Indien deze termijnen worden overschreden, kan een der Overeenkomstsluitende Partijen de President van het Internationale Gerechtshof verzoeken de noodzakelijke benoeming(en) te verrichten.

Indien de Voorzitter van het Internationale Gerechtshof onderdaan is van een Overeenkomstsluitende Partij of van een Staat waarmee een der Overeenkomstsluitende Partijen geen diplomatieke banden heeft of indien hij om een andere reden verhinderd is genoemde functie uit te oefenen, wordt de Vice-President van het Internationale Gerechtshof verzocht de benoeming(en) te verrichten. 4. Het aldus samengesteld scheidsgerecht stelt zijn eigen procedureregels vast.Het doet uitspraak bij meerderheid van stemmen; de uitspraken zijn onherroepelijk en bindend voor de Overeenkomstsluitende Partijen. 5. Elke Overeenkomstsluitende Partij draagt de kosten van de door haar benoemde scheidsman.De kosten die voortvloeien uit de benoeming van de derde scheidsman en de ambtelijke kosten van het gerecht worden gelijkelijk door de Overeenkomstsluitende Partijen gedragen.

ARTIKEL 13 Vorige investeringen Deze Overeenkomst is eveneens van toepassing op investeringen die vóór de inwerkingtreding van deze Overeenkomst werden gedaan door investeerders van een Overeenkomstsluitende Partij op het grondgebied van de andere Overeenkomstsluitende Partij, in overeenstemming met de wetten en voorschriften van laatstgenoemde, en is van toepassing vanaf de datum van inwerkingtreding.

ARTIKEL 14 Inwerkingtreding en duur 1. Deze Overeenkomst treedt in werking een maand na de datum waarop de Overeenkomstsluitende Partijen de akten van bekrachtiging hebben uitgewisseld.Ze blijft van kracht gedurende een tijdvak van tien jaar.

Tenzij ten minste zes maanden vóór de datum van het verstrijken van de geldigheidsduur door een van beide Overeenkomstsluitende Partijen mededeling van beëindiging is gedaan, wordt deze Overeenkomst stilzwijgend verlengd voor een tijdvak van tien jaar, met dien verstande dat elke Overeenkomstsluitende Partij zich het recht voorbehoudt de Overeenkomst te beëindigen met inachtneming van een opzegtermijn van ten minste zes maanden vóór de datum van het verstrijken van de lopende termijn van geldigheid. 2. Ten aanzien van investeringen die vóór de datum van beëindiging van de Overeenkomst zijn gedaan, blijft deze van kracht gedurende een tijdvak van tien jaar vanaf de datum van beëindiging.
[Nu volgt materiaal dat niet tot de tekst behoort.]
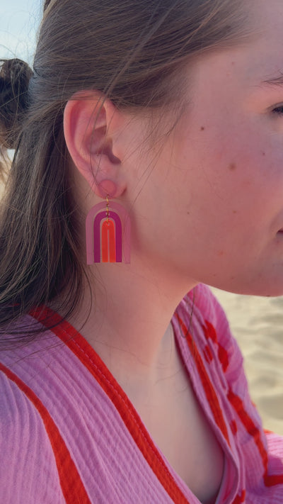 Ces boucles d'oreilles légères sont présentées sur une élégante carte en papier Gmund, ornée d'une impression risographique réalisée avec soin. Elles constituent ainsi un accessoire raffiné, mais aussi une petite œuvre d'art, idéale à offrir ou à s'offrir. Les boucles d'oreilles sont en acrylique aux couleurs éclatantes, et les tiges en acier inoxydable doré, hypoallergénique.
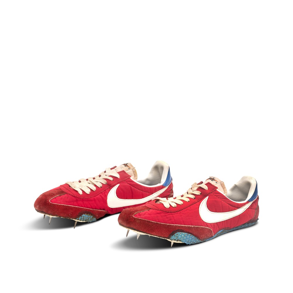 - A mid ?70s model of the Americas in red “Swoosh Fiber” nylon and suede uppers, white Swoosh logo, and blue heel tab with bold Nike lettering.
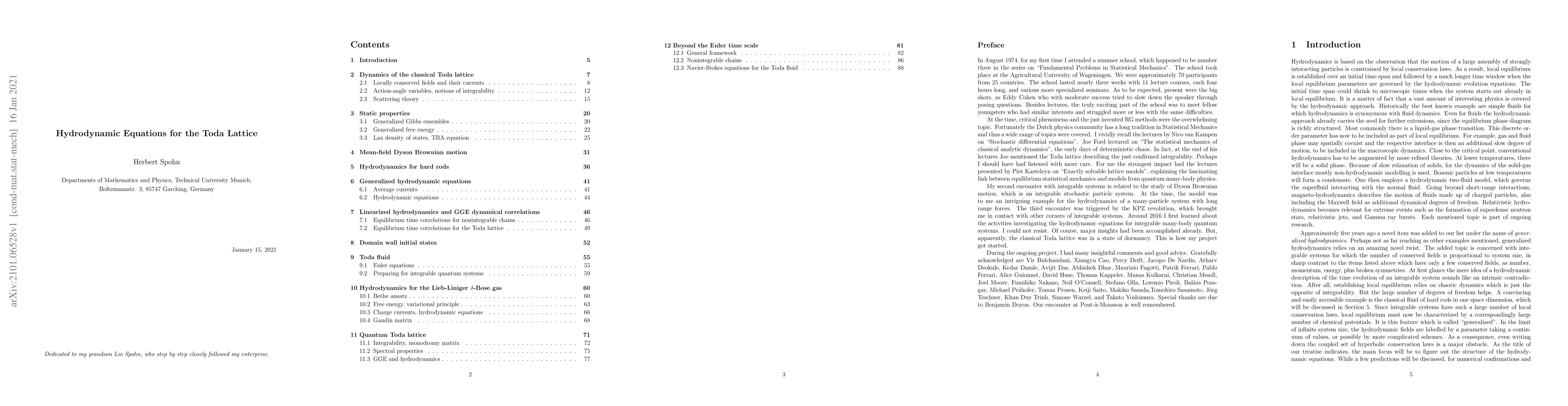 1. Introduction, 2. Dynamics of the classical Toda lattice, 3. Static properties, 4. Mean-field Dyson Brownian motion, 5. Hydrodynamics for hard rods, 6. Generalized hydrodynamic equations, 7. Linearized hydrodynamics and GGE dynamical correlations, 8. Domain wall initial states, 9. Toda fluid, 10. Hydrodynamics for the Lieb-Liniger delta-Bose gas, 11. Quantum Toda lattice, 12. Beyond the Euler time scale.
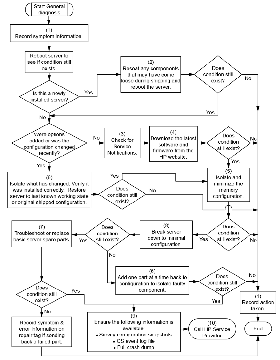 Server power-on problems flowchart
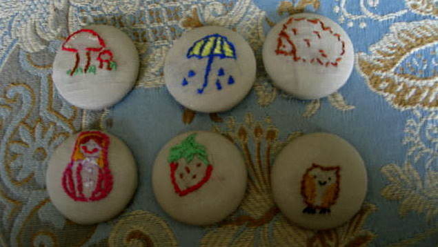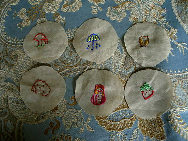 And then it happened. I drew my circles, transferred my patterns, pulled out my thread bag, and stood in my kitchen embroidering these cute little buttons. It was so relaxing and I just loved them as their little personalities appeared.
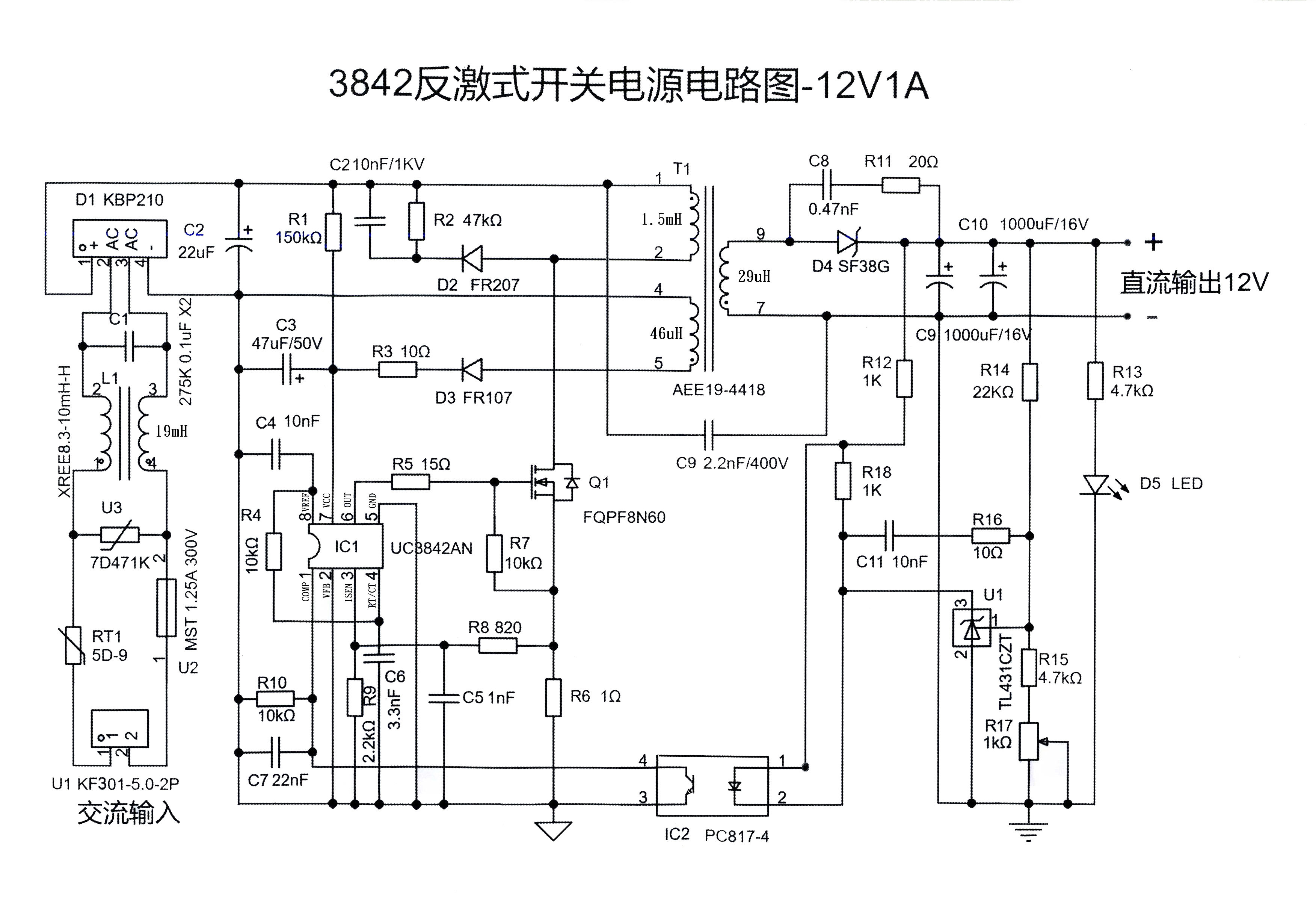 本文以反激式开关电源的设计为例子,说明UC3842的工作原理。

Ten blijke waarvan de ondergetekende vertegenwoordigers, daartoe naar behoren gemachtigd door hun onderscheiden Regeringen, deze Overeenkomst hebben ondertekend.

Gedaan te Belgrado, op 4 maart 2004, in twee oorspronkelijke exemplaren in de Nederlandse, de Franse, de Servische en de Engelse taal, zijnde alle teksten gelijkelijk authentiek. In geval van verschil in uitlegging is de Engelse tekst doorslaggevend.